When you think of the first visitor to your website, who do you picture?

Most people assume it’s a potential customer who’s interested in your product or service, but actually, it’s a search engine crawler.

When I share this information with site owners, many don’t understand what I mean.

Here’s the thing: If Google and other search engines can’t crawl and index your website, even the best SEO practices won’t help you succeed.

So, I wrote this article to help you better understand what happens behind the scenes when you publish content on your website.

Let me start by explaining what crawlability and indexability are, and how they’re connected to SEO. 

What Is Crawlability?

Crawlability is the process when search engine crawlers, like the Google bot, try to access and navigate your website pages.

If your website is open for crawling and no errors are detected in the robots.txt file (I’ll talk about that later), your website content will go through the following steps before ranking on Google:

  1. Discovering
  2. Crawling
  3. Rendering 
  4. Indexing 
  5. Ranking

Crawlability is essential in this 5-step indexing process because crawled pages usually get into the Google index and become searchable. From there, you can take steps to improve your SEO.

On the other hand, if your website is not crawlable, it won’t be indexed. As a result, it won’t appear in search results.

What Is Indexability?

Indexability is the process of adding your website pages to the Google database of millions of web pages (called Google index) and making them searchable. 

Once the crawling and rendering steps are completed, your web pages will be added to the Google index, making them eligible to appear in search results.

Only indexed pages can show up in organic search results! 

Why Crawlability and Indexability Are Important for SEO

If your website pages are not crawled and indexed, they won’t rank. 

No ranking — no organic website traffic. That’s pretty straightforward. 

Even though dealing with indexability requires some technical skills and Google Search Console (GSC) knowledge, it’s a must-have task for every site owner willing to grow an organic traffic generation channel. 

Remember that if your site is closed for indexing or can’t be easily indexed, some web pages may be omitted from organic search results, making it difficult for users to find your content through search engines. Therefore, I recommend prioritizing indexability issues to ensure all your web pages can be successfully discovered on Google. 

If you wonder whether your website has crawling or indexing issues, here’s how you can quickly check it. 

How to Check If Your Website Has Been Crawled 

Check the crawl status report for any crawling issues if you have a verified domain property in Google Search Console. 

If you see sudden crawl spikes or lows, 4xx status codes, or any other issues, it’s a sign to take a closer look at your website since it might have crawling issues. 

GSC server response

Alternatively, you can use SEO tools like Semrush, Ahrefs, and Screaming Frog to check your site’s crawlability. 

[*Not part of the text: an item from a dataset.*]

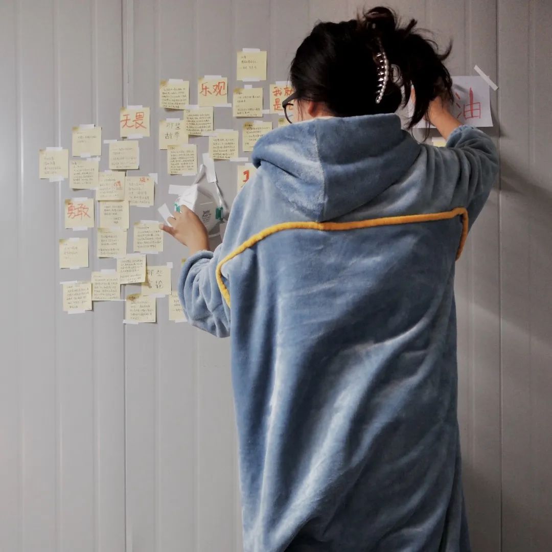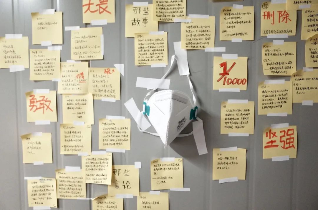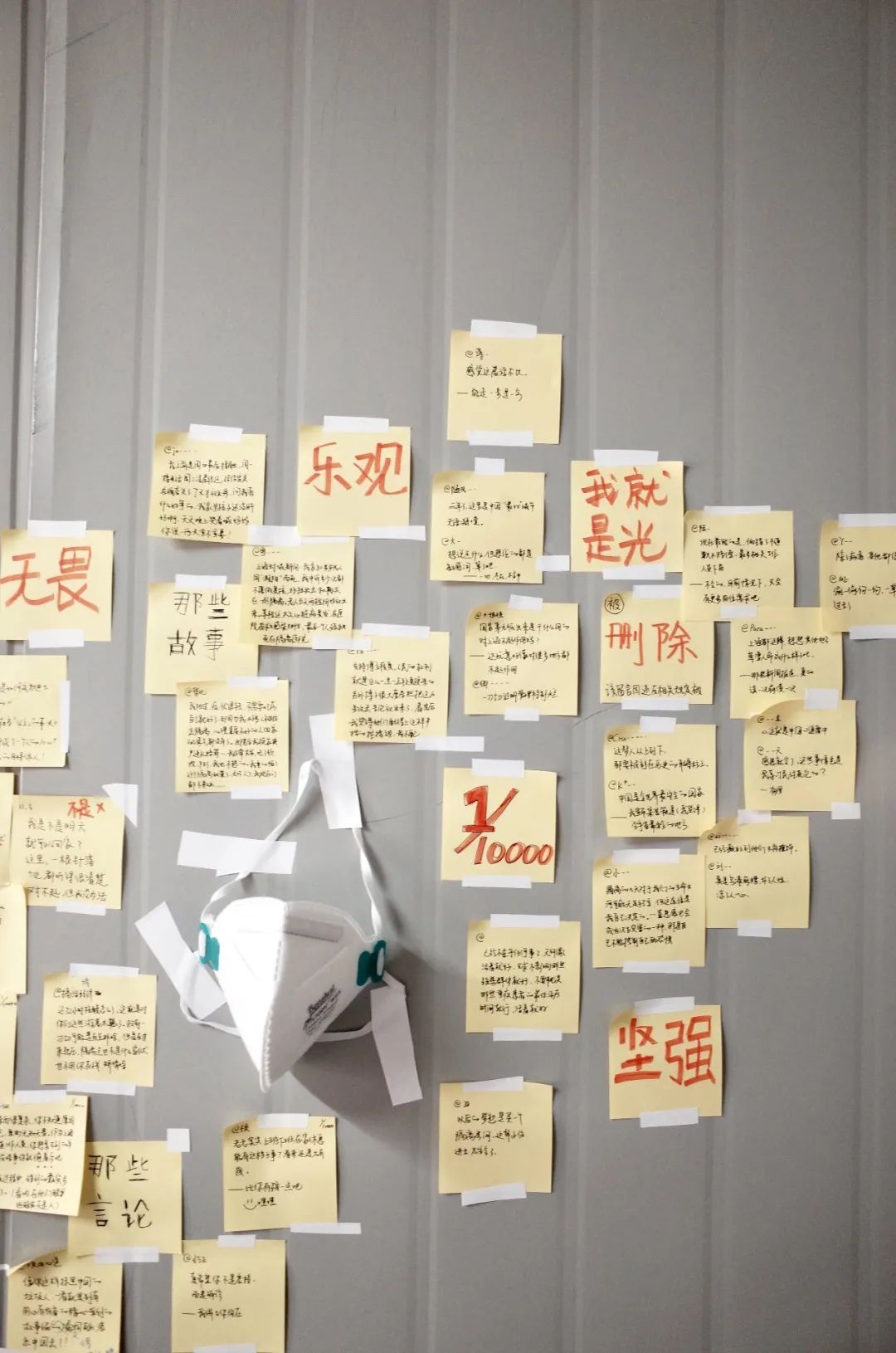 便利贴的粘性很差,想起来角落有一卷没用完的窗贴,我裁下一角,剪成一段段小胶带将所有便利贴固定好。中间留下一只我当时被转运来时戴的N95口罩。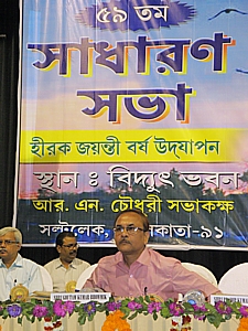 PROCEEDINGS OF 4th BIENNIAL (59th) GENERAL MEETING OF SATSA,WEST BENGAL HELD AT RAMENDRA NATH CHOWDHURY AUDITORIUM,BIDYUT BHAWAN, SALT LAKE, KOLKATA -700091 on 23rd AND 24th FEBRUARY ,2013 Date :23.02.2013 ;PRE LUNCH SESSION The 4th BGM was inaugurated through hoisting of the flag of SATSA,WB and lighting of lamp by Shri Dipankar Bhadra, President,SATSA,WB. He took the chair along with the three Vice Presidents; Shri Ashoke Kumar Roy,Shri Alik Kumar Mondal and Shri Dhruba Chowdhury.The entire meeting was presided over by the President. Shri Shibabrata Ghatak anchored the program. Welcoming all,Shri Dipankar Bhadra ;President, SATSA,WB in his inaugural speech, narrated the development of the Association. He expressed his satisfaction and pride for being the member of an association; which was established primarily for all-round development in agriculture, the socio-economic development of village communities and promoting welfare , service benefits and fraternity of the members, has stepped into its Diamond Jubilee Year .He recalled that during his long service life, the constraints faced in developmental activities as departmental officer was often compensated through the multifaceted activities of the association. To him that was a great moment of achievement ,when the State Agriculture Department adopted “Seed Village Program” following the success of SATSA in establishing seed villages in different districts of West Bengal aiming at making the State self sufficient in “quality & improved seeds”. He pointed to the fact that since independence this state had to accommodate a huge population which was disproportionate to its share of land in comparison to other states of India. This has resulted into rapid fragmentation of land, escalating the percentage of small and marginal farmers to 95.4, who own 84 percent of farm land. Having very little scope of horizontal expansion of cropped area ,the main thrust was given to land reforms and increasing productivity .He opined that the agricultural technologists and farming community of the state have lived up to the challenge of ensuring food security, presently boasting of producing eight percent of country’s food with only three percent of the country’s cultivable land. But, undebatably, there is a lot to be done .So, according to him, it is high time for addressing the issues of deficits in agricultural planning and development with due priority. The infrastructure of Agriculture Directorate & Department, which was designed during 1975-76 on the basis of the then scenario, needs to be modernised for successful dissemination of scientific knowledge of modern agriculture targeting socio-economic upliftment of the village communities. He emphasised the need for betterment of infrastructure of Seed Certification& Seed Testing wing of the Department in terms of number of units, manpower deployment and logistic support .He suggested ‘Watershed Based Approach’ in Development Planning. He pointed to the importance of filling up all the vacant technical and support staff positions of the Department. A condolence message was read out by Shri Shakti Bhadra,Jt.Secretary(Estab.);SATSA,WB in remembrance of the people who passed away after the 3rd BGM in 2011.He paid respect towards our deceased members.With due respect he mentioned the names of departed renowned personalities from different walks of life. The people who had to face untimely death in accidents, natural calamities and terrorist activites throughout the world were remembered with a heavy heart. The house observed silence for a minute as a mark of respect to the departed souls. Shri Goutam Kumar Bhowmick; General Secretary, SATSA,WB addressed the house and recalled the democratic mindset of the outgoing Central Secretariat towards steering the association with a positive and reformative approach in favour of the farming community and agricultural technologists. The CEC prioritised the unity of the members in order to assure the progress of our beloved SATSA as a commendable association. Only after a few months of the new CEC took charge, our State experienced a political change at the realm of the State Administration. The members were inspired by the pro-farmer attitude of the new Government, which was evident from their declared policy of emphasizing on the all round development of agrarian community and economic growth of rural Bengal through enhancement of production by adopting science based technologies developed through extensive research. The new Government rightly stressed on the need of assuring appropriate price to the farmers for their produce. In praise of the attitude of the new Government towards farming, the association communicated its promise for wholehearted support in achieving the dreams of the newly elected Chief Minister. Besides, the CEC prepared a suggestive road map towards achieving agricultural prosperity along with a well-chalked out plan for improvement of departmental infrastructure, which was also sent to the then Departmental Minister and erstwhile Departmental Secretary. The essence of the prepared note was to incorporate all the allied sectors ;like horticulture, animal husbandry, apiculture, pisciculture, and cooperative along with crop husbandry in developmental planning .The association felt that economic growth of the farmers could only be achieved through improvement in the performance of the allied sectors and integrating market linkage with the production system .The association’s view was reflected in the recent past by the government through conducting “Krishi Mela”s at block and sub-division level involving those sectors. SATSA,WB always endeavoured for being enriched by having regular interaction with the eminent experts through organising seminars; like the one conducted at the Institute of Engineers in September, 2011; which was graced by the presence of Dr. Abhirup Sarkar, Dr. Kalyan Rudra and Dr.Dibyendu Sen ; with a view

For instance, Semrush’s Site Audit tool has a dedicated crawling report. 

Whether you run a site audit for your website or competitors, you can see all crawled pages, crawl depth (or click depth), page loading speed, crawl budget waste, and more. 

What’s great about Semrush is that you can check all crawling, indexing, and other technical errors for every website page separately. 

If you regularly audit your website — let’s say once a week — you can proactively discover and fix all the issues. 

Semrush site audit

There’s one more thing Semrush does exceptionally well — it helps you fix technical errors by showing hints and explaining how to fix every issue.

It’s a very convenient feature that helps website owners save time and manage technical issues independently from developers. 

Semrush Site audit how to

Keep in mind that the robots.txt file controls crawling.

If you don’t have the robots.txt file on your website, Google will crawl the entire website.

It’s a bad SEO strategy because your website’s crawl budget will be wasted on irrelevant pages, such as WordPress admin, admin directories, or test servers, to name a few. 

It may also happen that some web pages won’t be crawled since no crawl budget is left. Therefore, every website should have a robots.txt file telling search engine crawlers what can and can’t be crawled. 

One last piece of advice. Don’t disallow Javascript and CSS in the robots.txt file since Google won’t be able to see your website content properly. It can lead to Google flagging your website pages as non-mobile friendly. 

How to Check If Your Website Has Been Indexed

If your web pages are indexed, it means they will rank in search results. 

However, indexing doesn’t always happen automatically. Therefore, you should occasionally check your website indexing to ensure new web pages are added to the index while old pages remain searchable. 

If you have a verified domain property in Google Search Console, you can see all indexed and not indexed pages in the Page indexing report. That’s the most reliable data because Google provides it. 

The more you grow your website, the higher the amount of indexed pages on the graph should be. 

However, Google can exclude the following pages and files from indexing:

  • Images with WebP format (because they aren’t indexed as HTML pages)
  • Pages with poor mobile optimization
  • Duplicate pages

Therefore, I recommend checking this GSC report weekly to ensure you don’t miss any essential updates. 

GSC Indexing status

You can also check whether an individual page is indexed using an inspection tool in Google Search Console. I frequently use this strategy to check whether recently published blog posts are added to the index. 

GSC URL Crawl information

Alternatively, you can use the search operator “site:” to check any website indexability on Google.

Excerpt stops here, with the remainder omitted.